Find Corbin Burnes’ and Clayton Kershaw’s MLBAM IDs

  burnes_id <- baseballr::playerid_lookup(last_name = "Burnes", first_name = "Corbin") %>% 
                 dplyr::pull(mlbam_id)

  kershaw_id <- baseballr::playerid_lookup(last_name = "Kershaw", first_name = "Clayton") %>%
                  dplyr::pull(mlbam_id)

Use Burnes’ ID To Load Statcast Data

  burnes_data <- baseballr::statcast_search_pitchers(start_date = "2021-03-01",
                                                     end_date = "2021-12-01",
                                                     pitcherid = burnes_id)

This block will download all of Corbin Burnes’ pitches from March 1st through December 1st.
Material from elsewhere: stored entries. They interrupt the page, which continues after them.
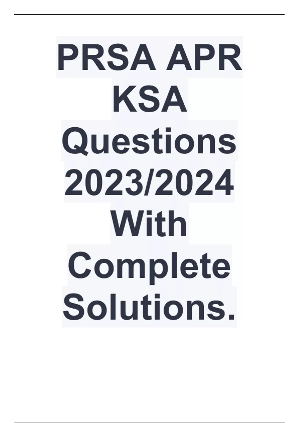 PRSA APR KSA Questions 2023/2024 With Complete Solutions.
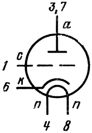 а — анод, с — сетка, к — катод, п — подогреватель катода.
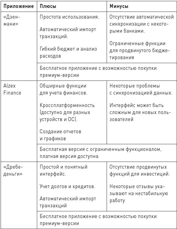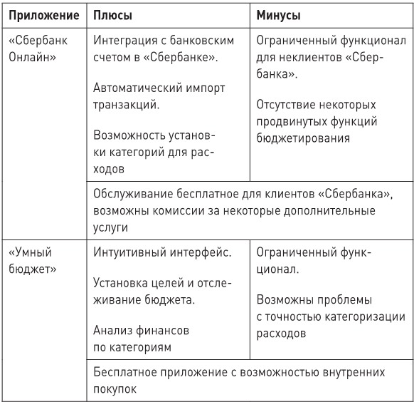 Таблица 1.4. Сравнительный анализ мобильных приложений для учета личных финансов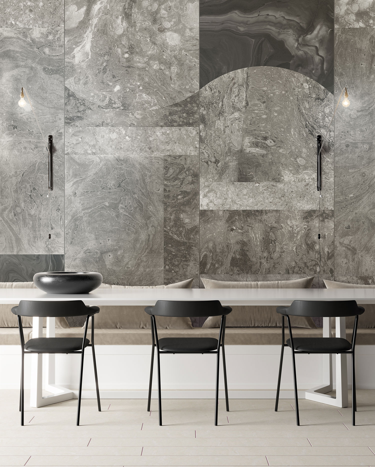 Vlies-Wandbilder, graue Marmorimitation. Kombinierbar mit den Fototapeten DG3ALI1061, DG3ALI1062, DG3ALI1063 und DG3ALI1065 für größere Breite - siehe Foto.
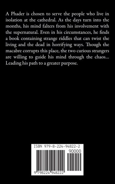 A Phader is chosen to serve the people who live in isolation at the cathedral. As the days turn into the months, his mind falters from his involvement with the supernatural. Even in his circumstances, he finds a book containing strange riddles that can twist the living and the dead in horrifying ways. Though the macabre corrupts this place, the two curious strangers are willing to guide his mind through the chaos... Leading his path to a greater purpose.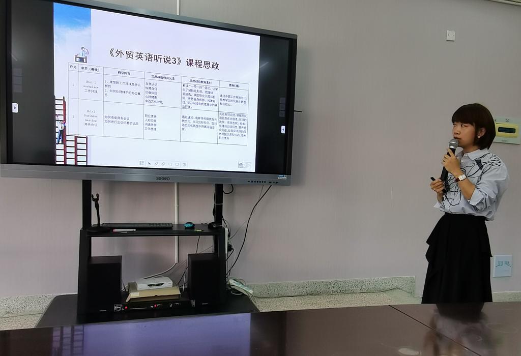 研讨会上,郑晓琳老师代表财务管理教研室发言,她从课程思政的要义、如何结合教学融入思政元素以及《财务管理》课程实践来分享交流。她以在全面分析课程内容的前提下,将集体主义精神、“储蓄理财与风险意识”、 “创新创业教育”、社会主义核心价值观等思政元素融入课程教学中,力求达到形式多样、与时俱进、润物无声的课程思政效果;周梅老师代表国贸专业教研室发言,她以《外贸英语听说》、《国际贸易基础》等课程为例进行了教学演示,以生动案例展现了在日常课堂教学中如何把国家意识、政治认同、文化自信、人格养成等思政元素与专业知识、专业技能的传授有机融合的实践探索,将外语教育过程变成外语教学领域社会主义核心价值观教育的重要阵地。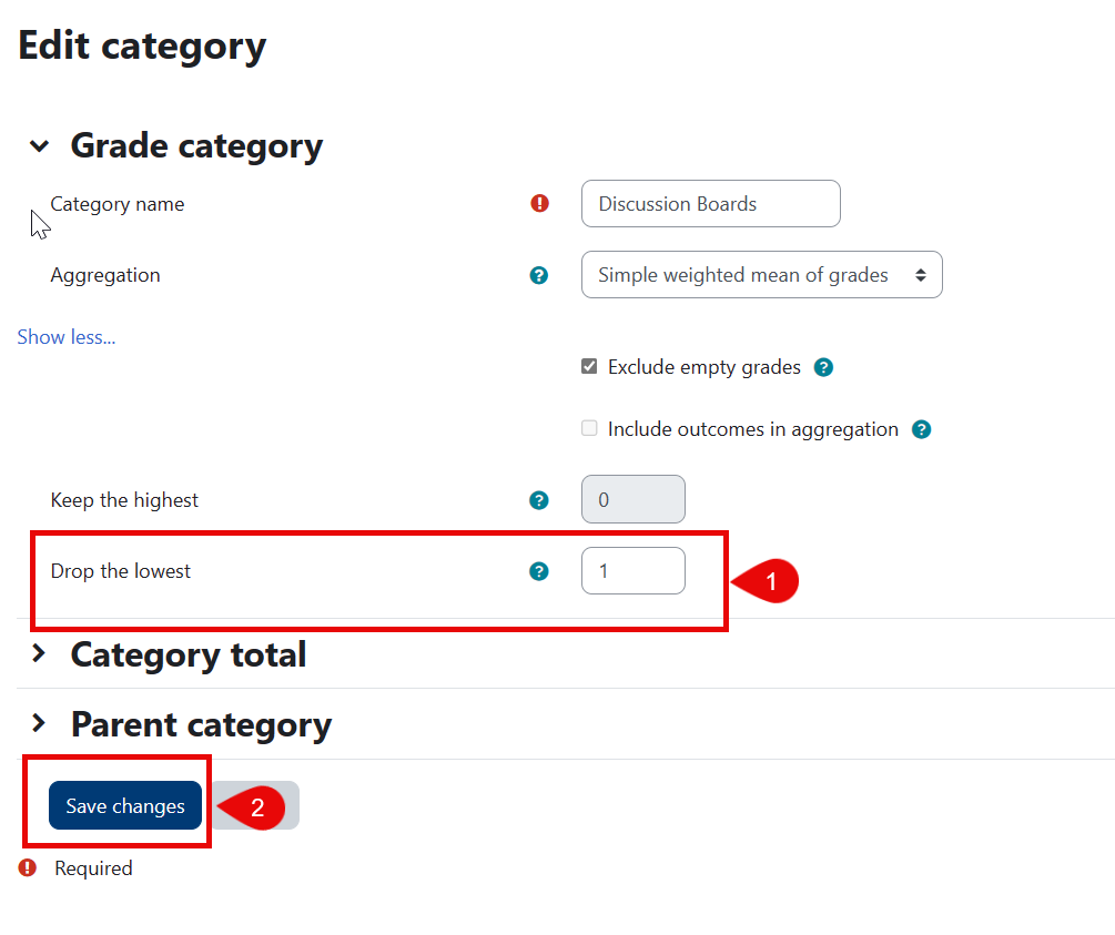 - In your settings for that grade category, you "Grade category," "Category total," and "Parent category." In the "Grade category" section, click on the words "show more." Now, you are able to see two different grade item features: "keep the highest" and "drop the lowest." You can decide if you want to the gradebook to only record a certain number of grades, or if you want to the gradebook to drop a certain number of grades by the end of the semester.

Use Kershaw’s ID to get data from PostgreSQL

    ### To connect to your own database you would use something like
  db_name <- 'r_baseball'  #  provide the name of your db. 'postgres' is typical. pdAdmin can be
                    #  used to create a database like 'baseball' to hold tables
  db_host <- 'localhost' #i.e. 'ec2-54-83-201-96.compute-1.amazonaws.com'  
  db_port <- '5432'  # or any other port specified by the DBA.  5432 is typical.
  db_user <- 'superuser' #rstudioapi::askForPassword("Database Name ['postgres' is typical]:") # 'postgres' 
                    # is created at installation, but other users can be used
                    # For personal demo use 'user'
  db_password <- 'notSecure' #rstudioapi::askForPassword("Database Password:") # password for the db_user
                    # For personal demo use 'notSecure'
  
    ### connect to your database
  statcast_db <- dbConnect(RPostgres::Postgres(), 
                            dbname = db_name, 
                            user = db_user, 
                              password = db_password, 
                              host = db_host, 
                            port = db_port
                           )

  ### Grab all of Kershaw's 2022 data
  kershaw_data <-  tbl(statcast_db, 'statcast') %>%
                     filter((game_year == 2022) & (pitcher == kershaw_id)) %>%
                     collect()

  dim(kershaw_data)
## [1] 2023   98
  head(kershaw_data, 3)
## # A tibble: 3 × 98
##   pitch_…¹ game_…² relea…³ relea…⁴ relea…⁵ playe…⁶ batter pitcher events descr…⁷
##   <chr>    <chr>     <dbl>   <dbl>   <dbl> <chr>    <int>   <int> <chr>  <chr>  
## 1 ""       2022-0…      NA      NA      NA Zimmer… 605548  477132 strik… swingi…
## 2 ""       2022-0…      NA      NA      NA Belt, … 474832  477132 strik… swingi…
## 3 ""       2022-0…      NA      NA      NA Willia… 663897  477132 field… hit_in…
## # … with 88 more variables: spin_dir <chr>, spin_rate_deprecated <chr>,
## #   break_angle_deprecated <chr>, break_length_deprecated <chr>, zone <dbl>,
## #   des <chr>, game_type <chr>, stand <chr>, p_throws <chr>, home_team <chr>,
## #   away_team <chr>, type <chr>, hit_location <int>, bb_type <chr>,
## #   balls <int>, strikes <int>, game_year <int>, pfx_x <dbl>, pfx_z <dbl>,
## #   plate_x <dbl>, plate_z <dbl>, on_3b <dbl>, on_2b <dbl>, on_1b <dbl>,
## #   outs_when_up <int>, inning <int>, inning_topbot <chr>, hc_x <dbl>, …
  ### disconnect database 
  dbDisconnect(statcast_db)
  
  ### Clean up a little
  gc()
##           used (Mb) gc trigger  (Mb) max used  (Mb)
## Ncells 1412878 75.5    4291027 229.2  3470663 185.4
## Vcells 3860644 29.5   25352486 193.5 39612962 302.3

Clean Data

If this is your first time looking at Statcast data I recommend looking at their documentation for for the dataset returned. It will walk you through the data represented by each column and give you a better idea of the data points collected for each pitch.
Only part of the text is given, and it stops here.